Exercise -
Your response to the data below should hold nothing except the lines from the one containing "Jack premium pástétom" down to the one containing "That photo is", reproduced exactly and without pictures.

Task inputs -
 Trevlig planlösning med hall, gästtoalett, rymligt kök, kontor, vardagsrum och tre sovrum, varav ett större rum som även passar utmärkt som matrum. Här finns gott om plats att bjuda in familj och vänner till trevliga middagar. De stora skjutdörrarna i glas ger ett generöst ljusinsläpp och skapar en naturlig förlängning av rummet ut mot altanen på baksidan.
...
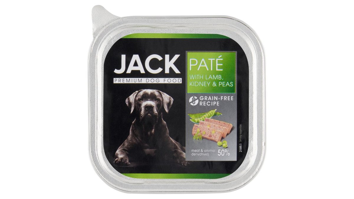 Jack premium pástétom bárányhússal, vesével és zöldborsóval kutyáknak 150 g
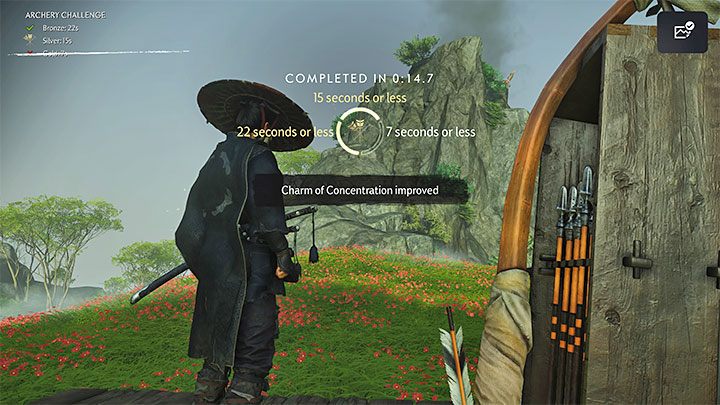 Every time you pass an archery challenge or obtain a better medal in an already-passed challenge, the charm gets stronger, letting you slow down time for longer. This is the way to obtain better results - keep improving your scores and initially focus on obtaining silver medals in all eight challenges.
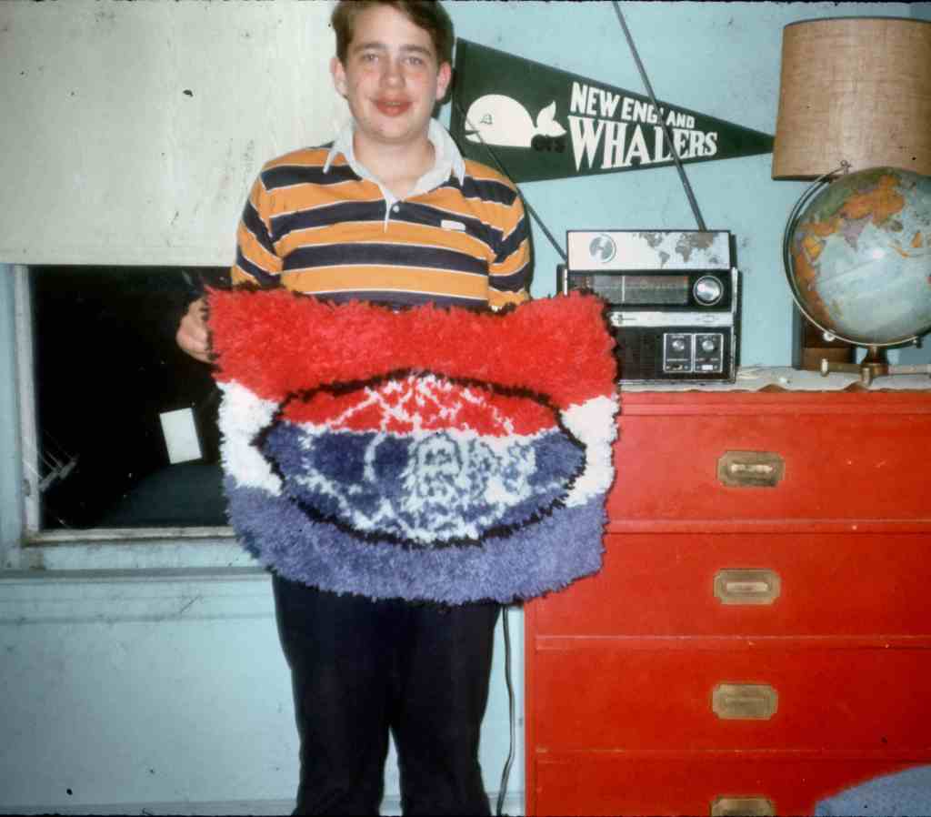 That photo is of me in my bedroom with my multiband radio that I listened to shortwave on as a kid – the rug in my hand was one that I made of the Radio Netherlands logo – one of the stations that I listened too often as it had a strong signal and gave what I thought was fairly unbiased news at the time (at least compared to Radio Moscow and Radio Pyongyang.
==
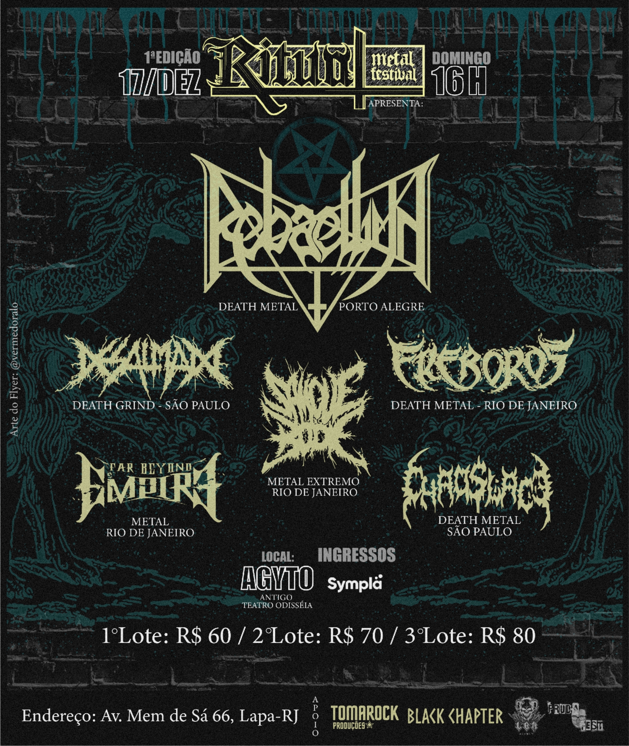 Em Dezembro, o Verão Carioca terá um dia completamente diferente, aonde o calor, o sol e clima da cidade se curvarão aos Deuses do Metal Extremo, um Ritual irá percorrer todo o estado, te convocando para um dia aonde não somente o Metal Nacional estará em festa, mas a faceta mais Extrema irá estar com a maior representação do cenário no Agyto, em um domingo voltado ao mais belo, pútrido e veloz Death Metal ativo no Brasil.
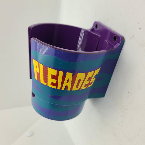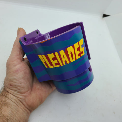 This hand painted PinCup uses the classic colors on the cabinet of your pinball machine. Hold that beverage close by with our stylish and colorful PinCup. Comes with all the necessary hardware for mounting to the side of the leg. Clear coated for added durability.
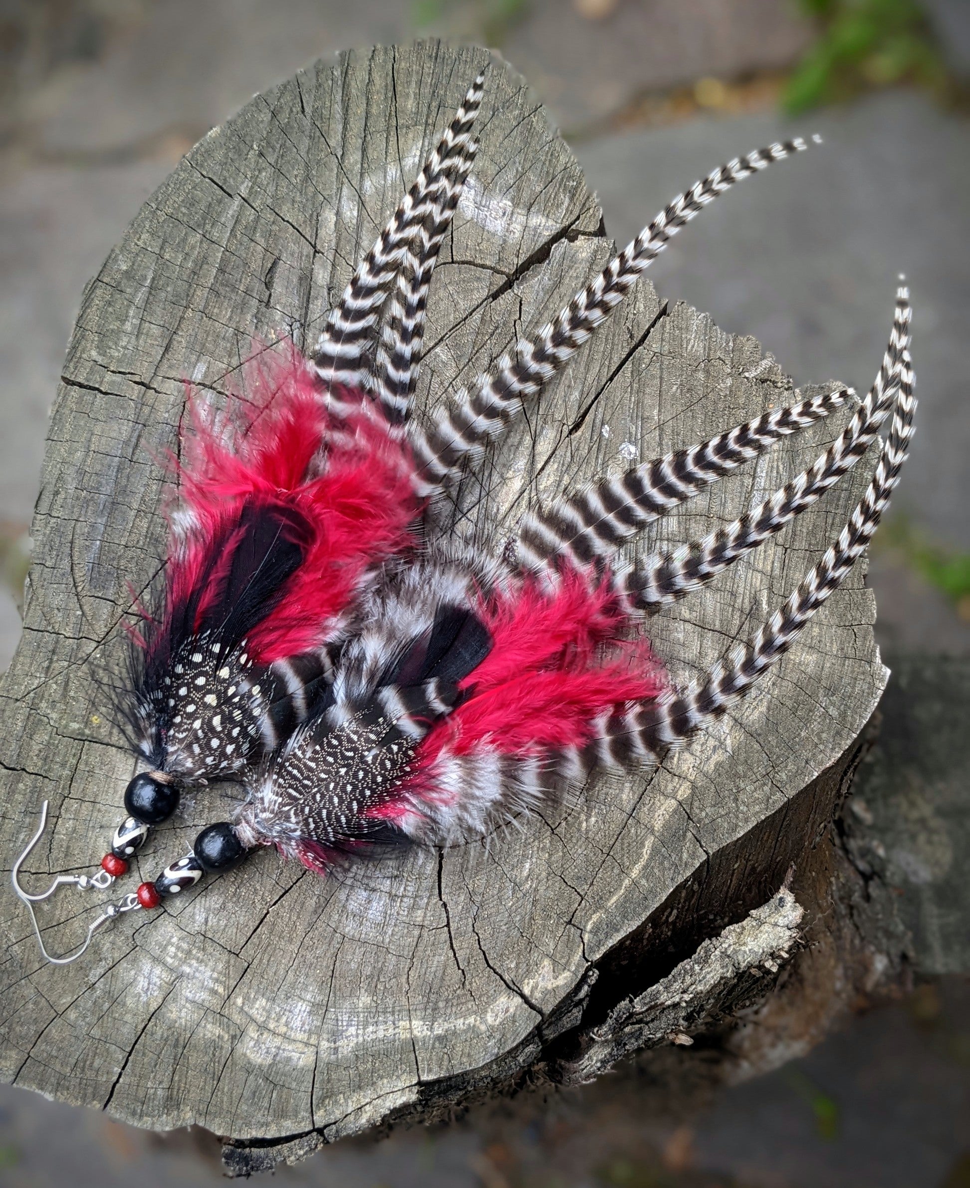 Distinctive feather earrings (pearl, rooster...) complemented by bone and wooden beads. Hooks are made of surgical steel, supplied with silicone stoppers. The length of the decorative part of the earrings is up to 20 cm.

Exercise output -
 Jack premium pástétom bárányhússal, vesével és zöldborsóval kutyáknak 150 g
 Every time you pass an archery challenge or obtain a better medal in an already-passed challenge, the charm gets stronger, letting you slow down time for longer. This is the way to obtain better results - keep improving your scores and initially focus on obtaining silver medals in all eight challenges.
 That photo is of me in my bedroom with my multiband radio that I listened to shortwave on as a kid – the rug in my hand was one that I made of the Radio Netherlands logo – one of the stations that I listened too often as it had a strong signal and gave what I thought was fairly unbiased news at the time (at least compared to Radio Moscow and Radio Pyongyang.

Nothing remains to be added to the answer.